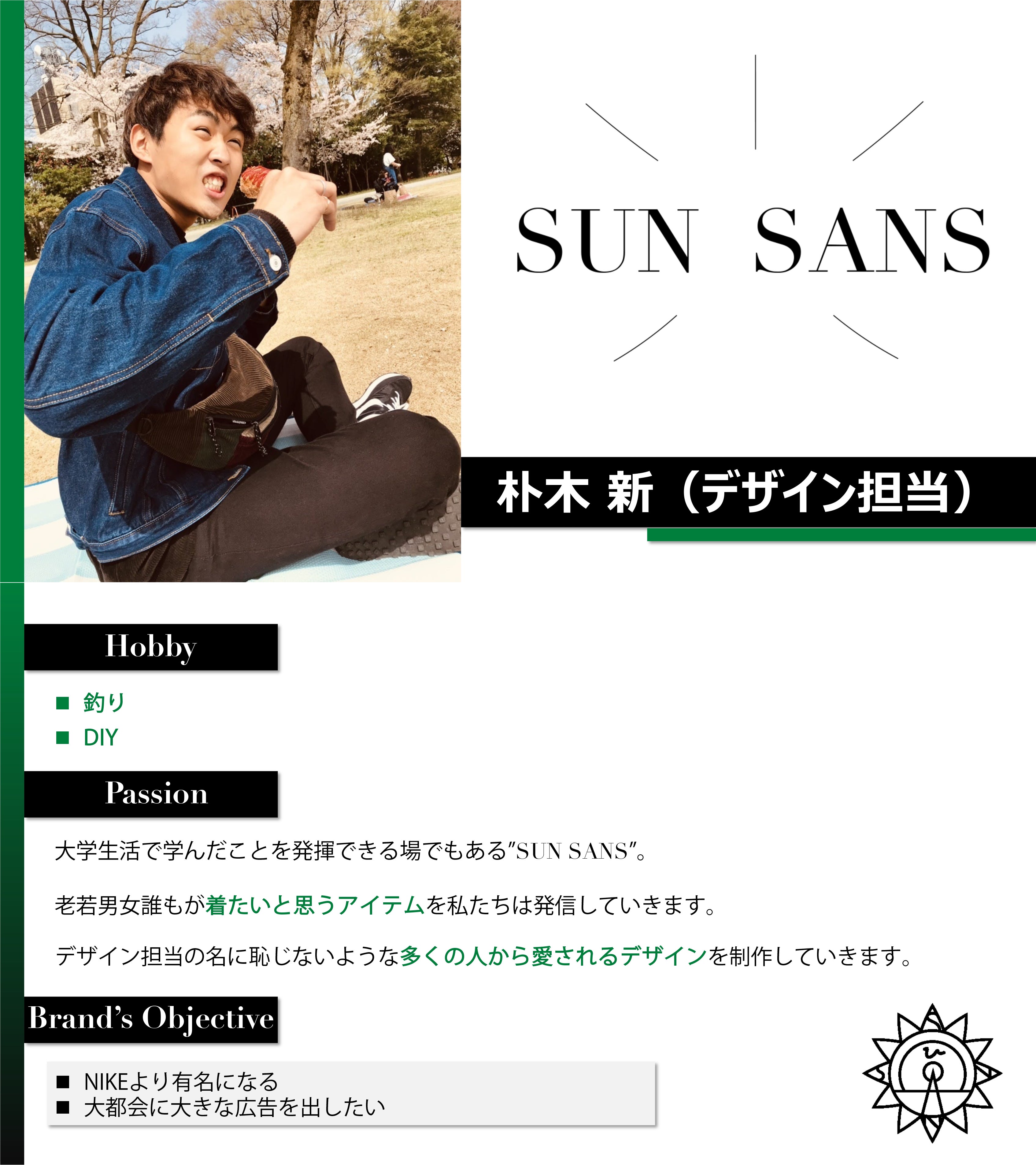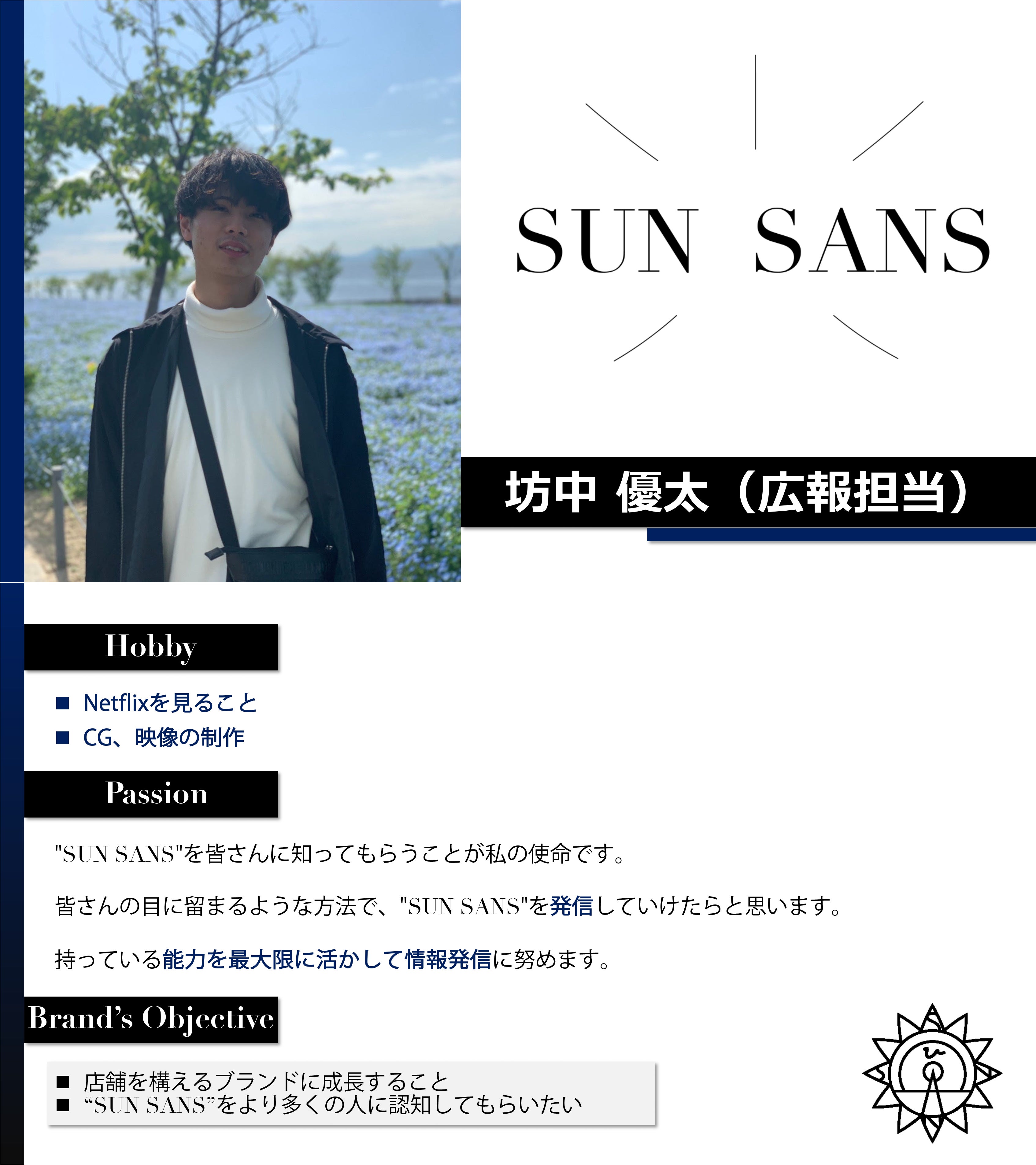 ”SUN SANS”があなたの服の光となり、あなたを明るく照らす存在になりたい。
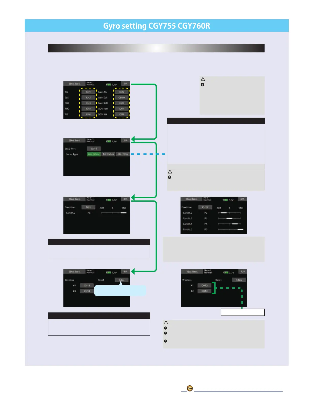 be used, then set them to [INH]. The CGY760R/CGY755 will then allow you to make gain adjustments within the respective menu.
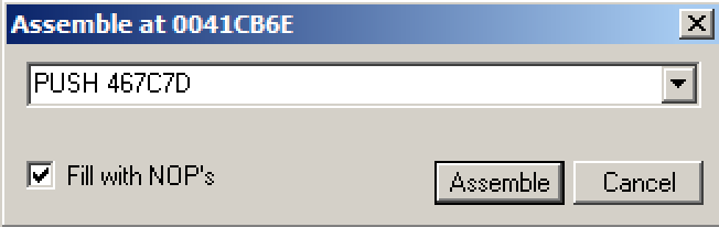An "Assemble at 0041CB6E" box appears, as shown below.出现“在0041CB6E组装”框,如下所示。
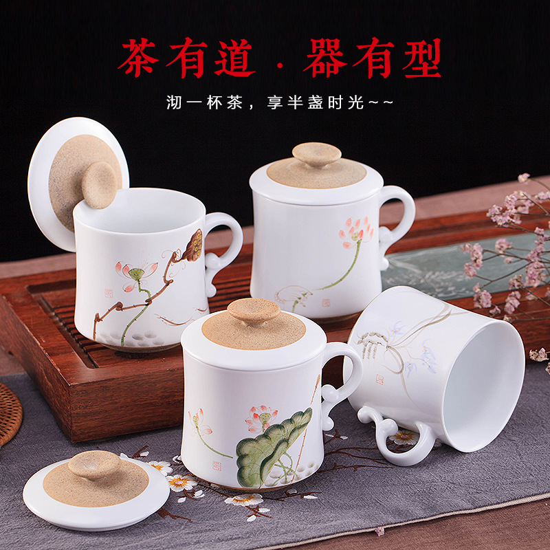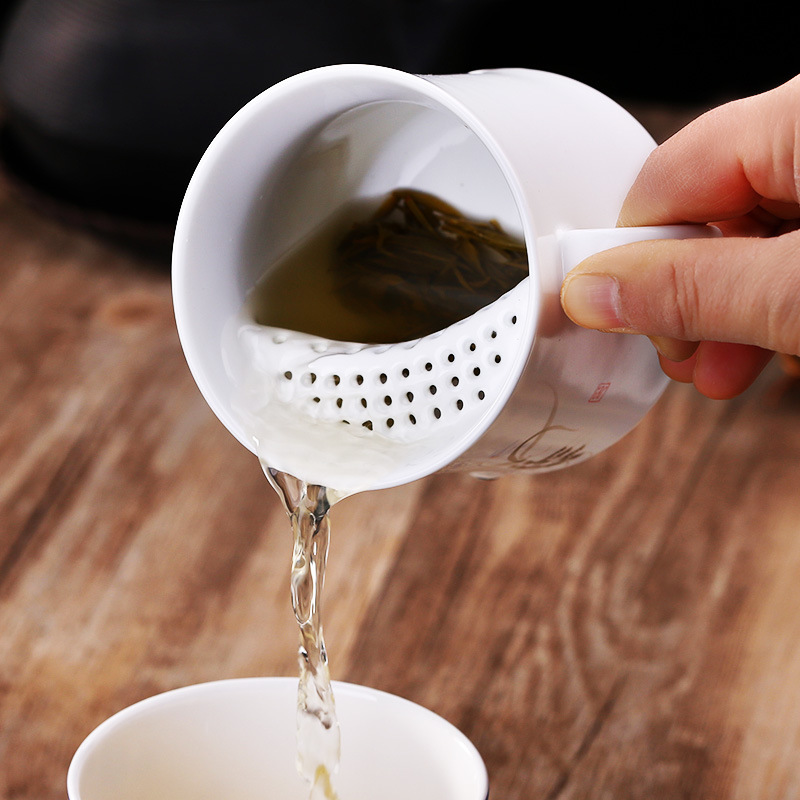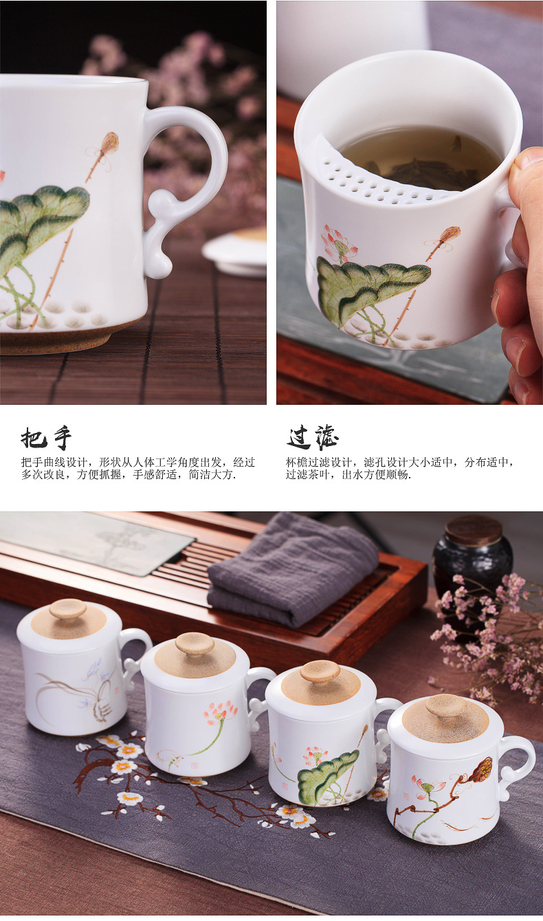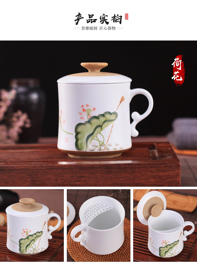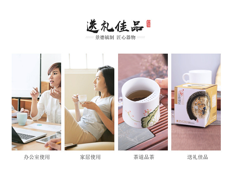 景德镇过滤泡茶杯带盖 家用杯子办公茶具陶瓷杯 日用百货礼品定制
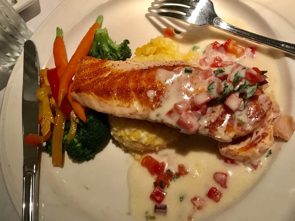 结束17英里到达颇具波西米亚风味的卡梅尔小镇Carmel-by-the-Sea。小镇卡梅尔,尽管历史不足百年,却以百余年来沉淀的优雅艺术氛围和得天独厚的自然美景闻名遐迩,并深得文人,艺术家的亲睐。一百年来,只有4000多居民的卡梅尔风采依旧完全得益于小镇居民悉心爱护和极力维护。小镇居民抗拒现代化,拒绝任何广告,禁止安装霓虹灯和咪表,杜绝快餐店。我们在卡梅尔小镇用的晚餐,餐厅布置地古香古色,菜品味道也相当美味,我们点了三文鱼、牛排、龙利鱼和牛肋条,都是一人一份的套餐,份量很大,还有餐前面包。又一次吃撑了。餐厅也是随机遇到的,可能家家都会这么好吃吧?
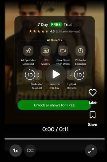 - ट्रायल क्या है? 1₹ में 3-7 दिन प्रीमियम – शुरुआती 21 एपिसोड्स फ्री, आगे सब्सक्रिप्शन (₹499/3 महीने)।
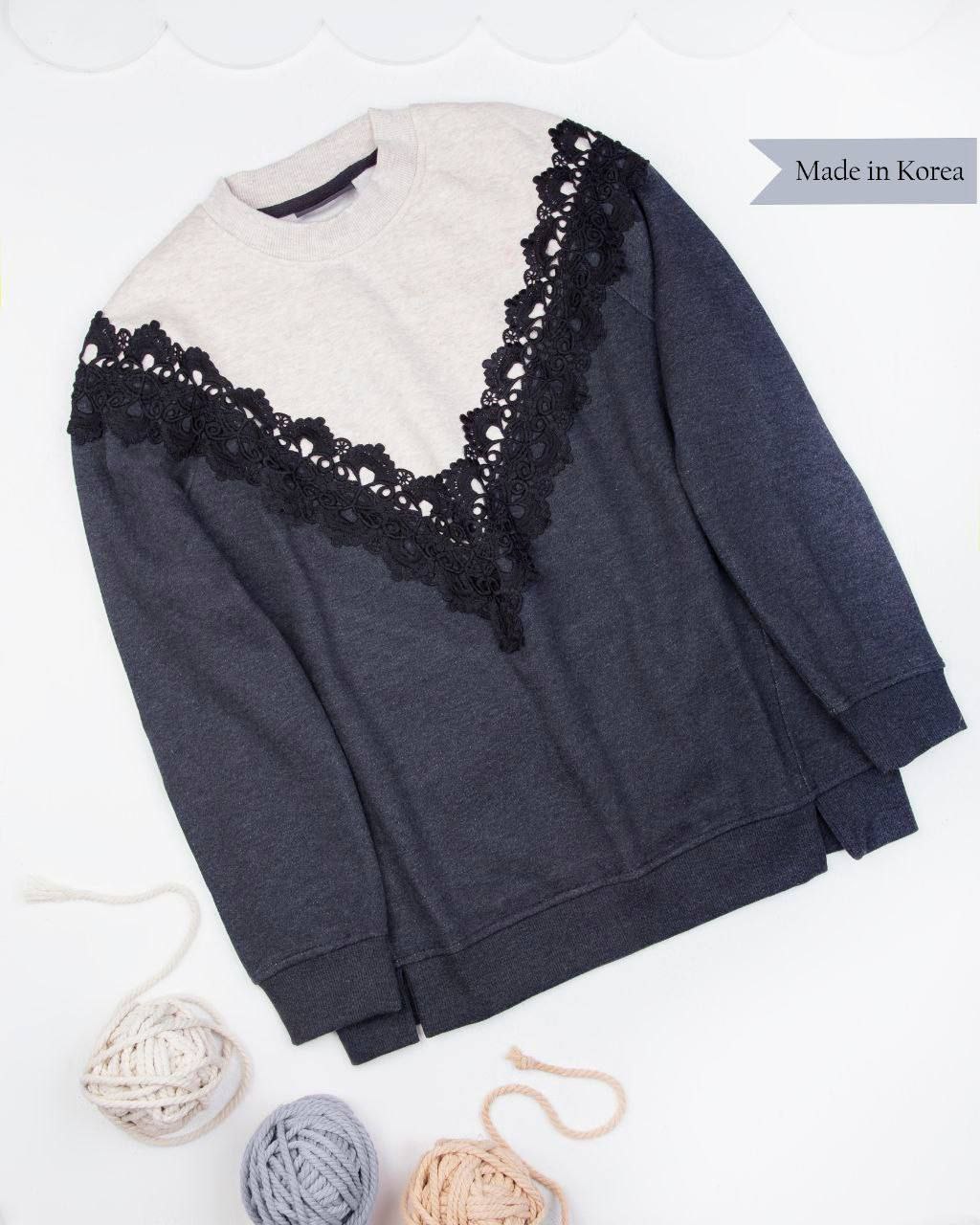 بلوز گرم زنانه یقه گیپور دوخت اصل کره جنوبی

*****

Task objective: The whole listing must come back verbatim, with no pictures included.

Reply to the task:
 ”SUN SANS”があなたの服の光となり、あなたを明るく照らす存在になりたい。
 be used, then set them to [INH]. The CGY760R/CGY755 will then allow you to make gain adjustments within the respective menu.
An "Assemble at 0041CB6E" box appears, as shown below.出现“在0041CB6E组装”框,如下所示。
 景德镇过滤泡茶杯带盖 家用杯子办公茶具陶瓷杯 日用百货礼品定制
 结束17英里到达颇具波西米亚风味的卡梅尔小镇Carmel-by-the-Sea。小镇卡梅尔,尽管历史不足百年,却以百余年来沉淀的优雅艺术氛围和得天独厚的自然美景闻名遐迩,并深得文人,艺术家的亲睐。一百年来,只有4000多居民的卡梅尔风采依旧完全得益于小镇居民悉心爱护和极力维护。小镇居民抗拒现代化,拒绝任何广告,禁止安装霓虹灯和咪表,杜绝快餐店。我们在卡梅尔小镇用的晚餐,餐厅布置地古香古色,菜品味道也相当美味,我们点了三文鱼、牛排、龙利鱼和牛肋条,都是一人一份的套餐,份量很大,还有餐前面包。又一次吃撑了。餐厅也是随机遇到的,可能家家都会这么好吃吧?
 - ट्रायल क्या है? 1₹ में 3-7 दिन प्रीमियम – शुरुआती 21 एपिसोड्स फ्री, आगे सब्सक्रिप्शन (₹499/3 महीने)।
 بلوز گرم زنانه یقه گیپور دوخت اصل کره جنوبی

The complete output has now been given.